Tisquantum was a Native American who lived in New England in the early 17th century. The white people, for reasons that can only be described as being total assholes, called him Squanto.
Squanto was a member of the Patuxet tribe of the Wampanoag Confederacy, a group of native tribes which controlled modern day Massachusetts, Connecticut, Rhode Island, and Long Island. Squanto had a pretty good early childhood, living with his parents and hanging out with his peeps. This changed when Squanto saw his first white men at the age of 10. The white men, explorers from England, seeing Squanto just hanging out on the beach, collected him as though he was some strange type of bug, and took him back to England. When Squanto arrived in England he was given as a gift to the explorers' boss, because gifting people was totally okay back then. The boss, delighted with his new acquisition, taught Squanto English so he could act as an interpreter for future voyages.

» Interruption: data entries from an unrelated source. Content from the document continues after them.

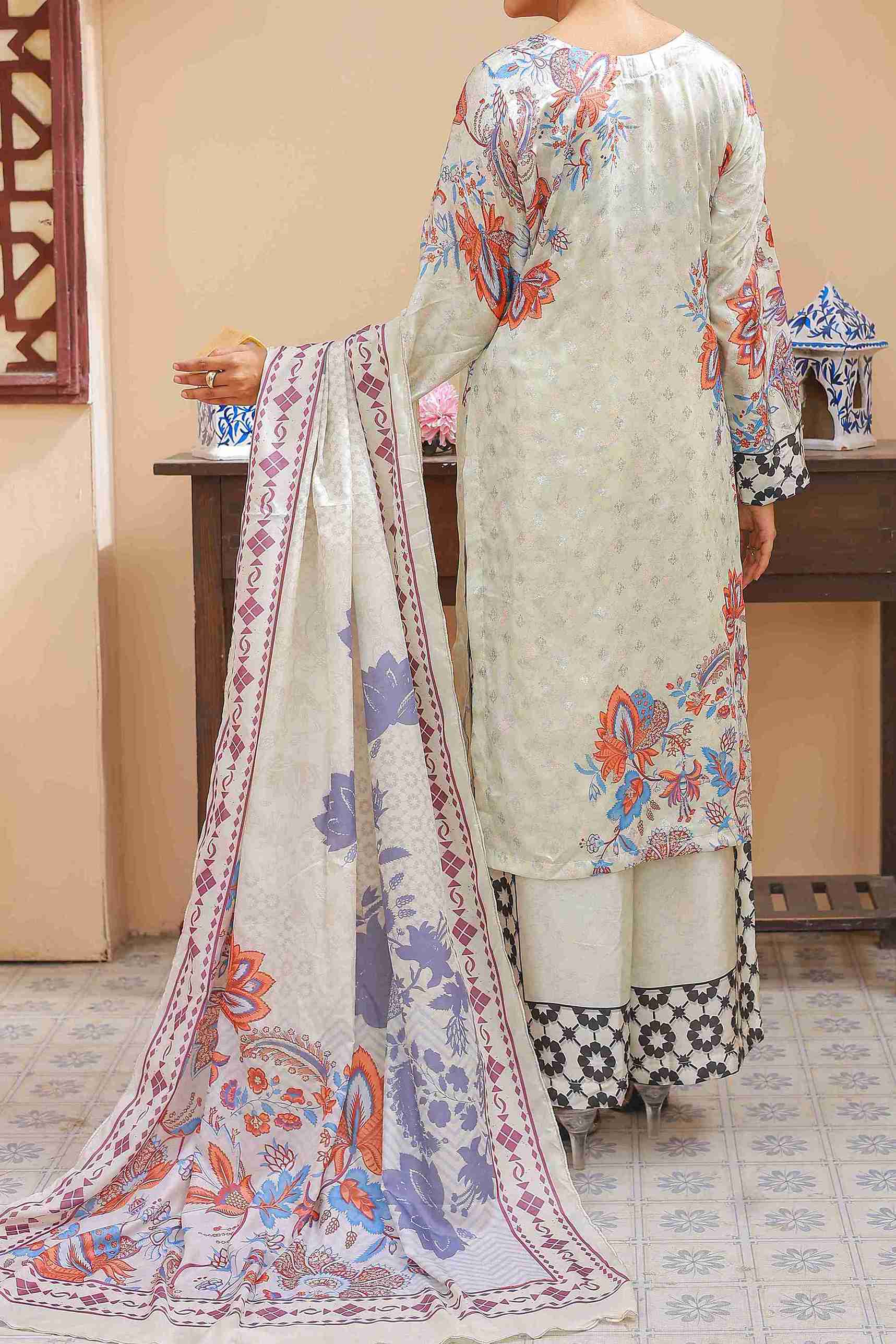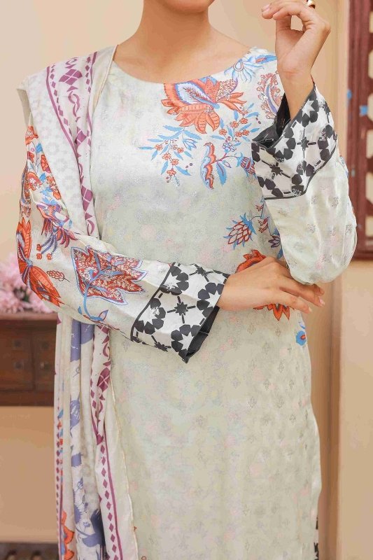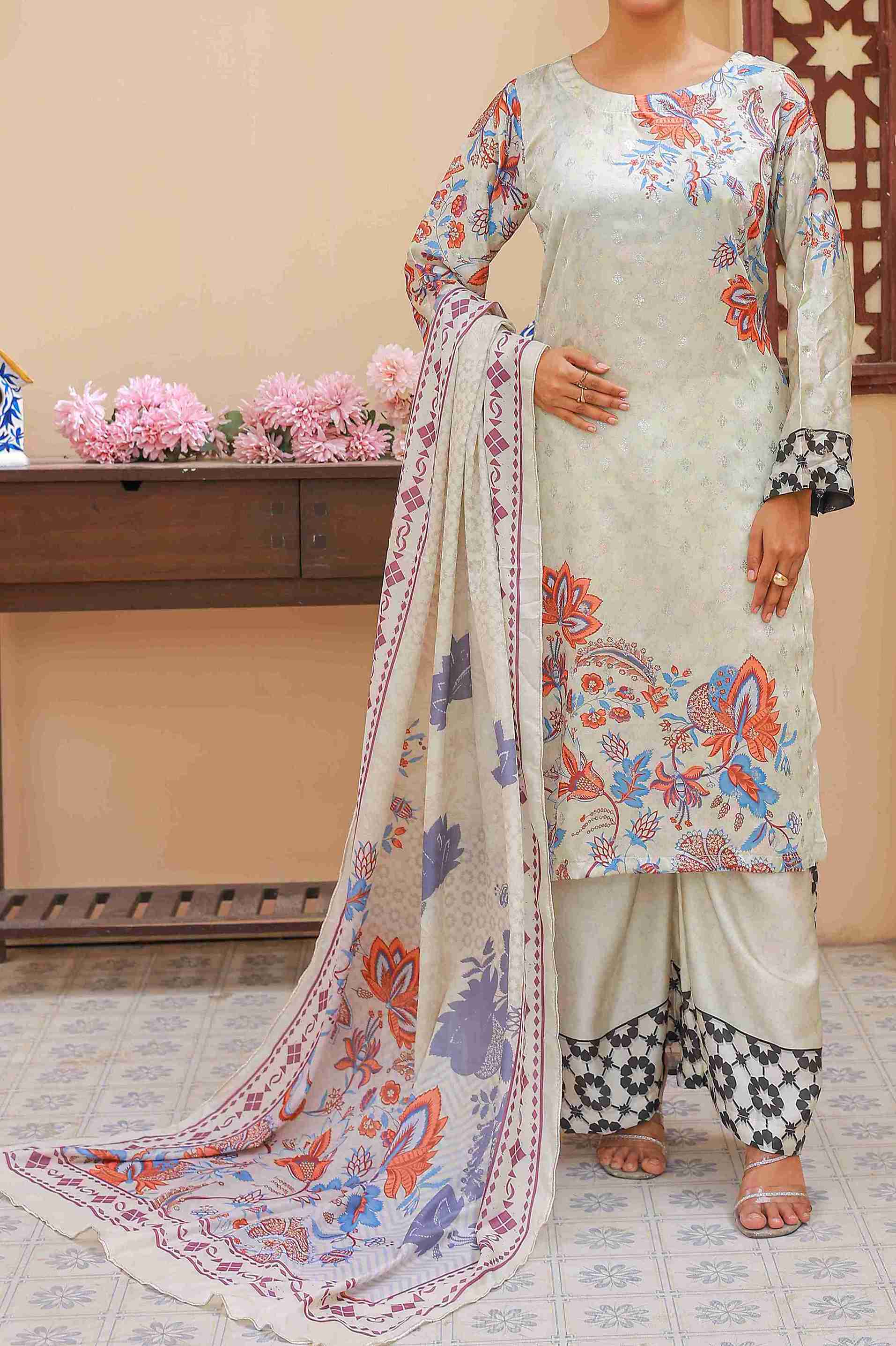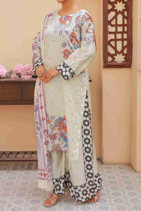 Embrace graceful charm with Cream Flora, a soft and elegant 3‑piece ensemble featuring a delicate cream base adorned with vibrant floral patterns in shades of orange, blue, and lilac. The straight-cut shirt is highlighted with artistic floral sprays and contrasting printed sleeves for a touch of uniqueness. Paired with wide-leg cream trousers showcasing bold black and white geometric floral borders, the look is completed with a matching cream dupatta enhanced by colorful floral designs and fine border detailing for a timeless finish.
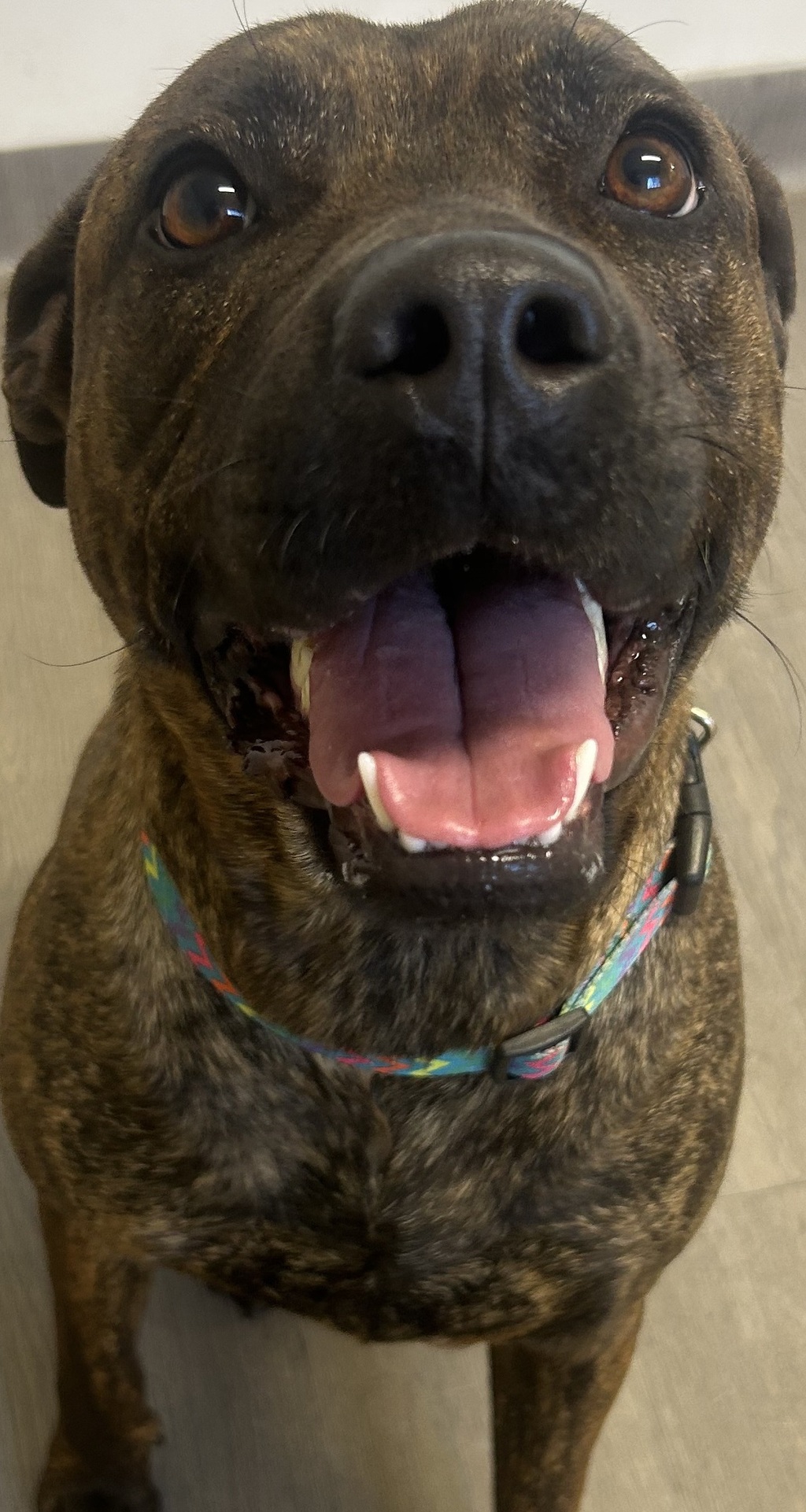This gorgeous brown brindle Staffy is as sweet as her name! 🍫 Mocha is an outgoing, easy-to-please girl who's ready to shower her new family with love and loyalty. 💕
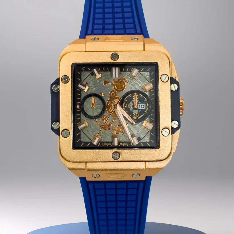 Square Dial Men Fashionable Chain Watch in Dual tone, Silver and Gold Color
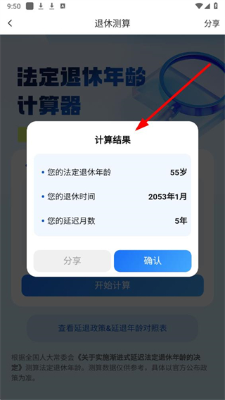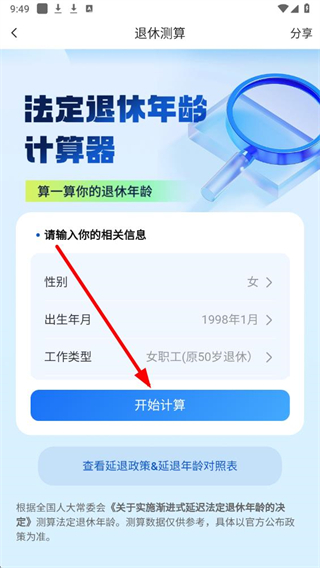3、信息填写完成后,点击开始计算按钮,等待系统生成退休年龄相关结果。

After four years in England, Squanto was made part of a new expedition and taken back to New England, where he promptly escaped and started making his way home. However, before he could make it, another English explorer re-captured him, took him to Spain, and tried to sell him into slavery for around $3,500 in today's money. Luckily, some Catholic friars rescued Squanto before he could be forced into explicit servitude, rather than the implicit servitude he had already been putting up with. Unluckily, the friars then forced Squanto to become a Catholic. After hanging out with the friars for a bit, Squanto made his way back to England where he worked for a shipbuilder, and after a few years, got himself on a voyage to Newfoundland. However, when he tried to leave, the English explorers just kind of laughed, probably in a very snide manner, and took him back to England.
A full nine years after being captured, Squanto finally boarded a ship that took him home to New England to stay. Unfortunately, upon arrival, he discovered that pretty much everyone he had ever known had been killed by a plague of smallpox brought by some white dudes the previous year. In fact, it's estimated that up to 90 percent of the Wampanoag Confederacy died during the period of Squanto’s capture. Not sure what else to do, Squanto mostly spent the next two years hanging out in his abandoned village and occasionally visiting distant relatives from other nearby tribes. It was around this time that the Pilgrims, yes, those Pilgrims, showed up on the scene. The Pilgrims, who were long on religious convictions, but short on survival skills, nearly starved their first winter in Massachusetts. Squanto, feeling bad for them, which is impressive considering his life so far, never mind the fact that white people at the time weren't big on bathing, taught the Pilgrims how to grow corn.
For some reason, the Pilgrims and the surviving Wampanoag did not get along. Squanto, thanks to his English skills, and his ability to put up with the Pilgrims' terrible body odor, became an ambassador between the two groups, promoting peaceful co-existence. This position did not prove popular with everyone. A renegade group of Wampanoag kidnapped Squanto with plans to kill him, but he was rescued by a group of Pilgrims. Soon after, while on a peace mission, Squanto fell sick, probably due to being poisoned, and died. His efforts won the Wampanoag fifty years of peace. Peace in this case meant that the natives suffered a series of small pox epidemics and slowly got kicked off their lands by the growing number of white people.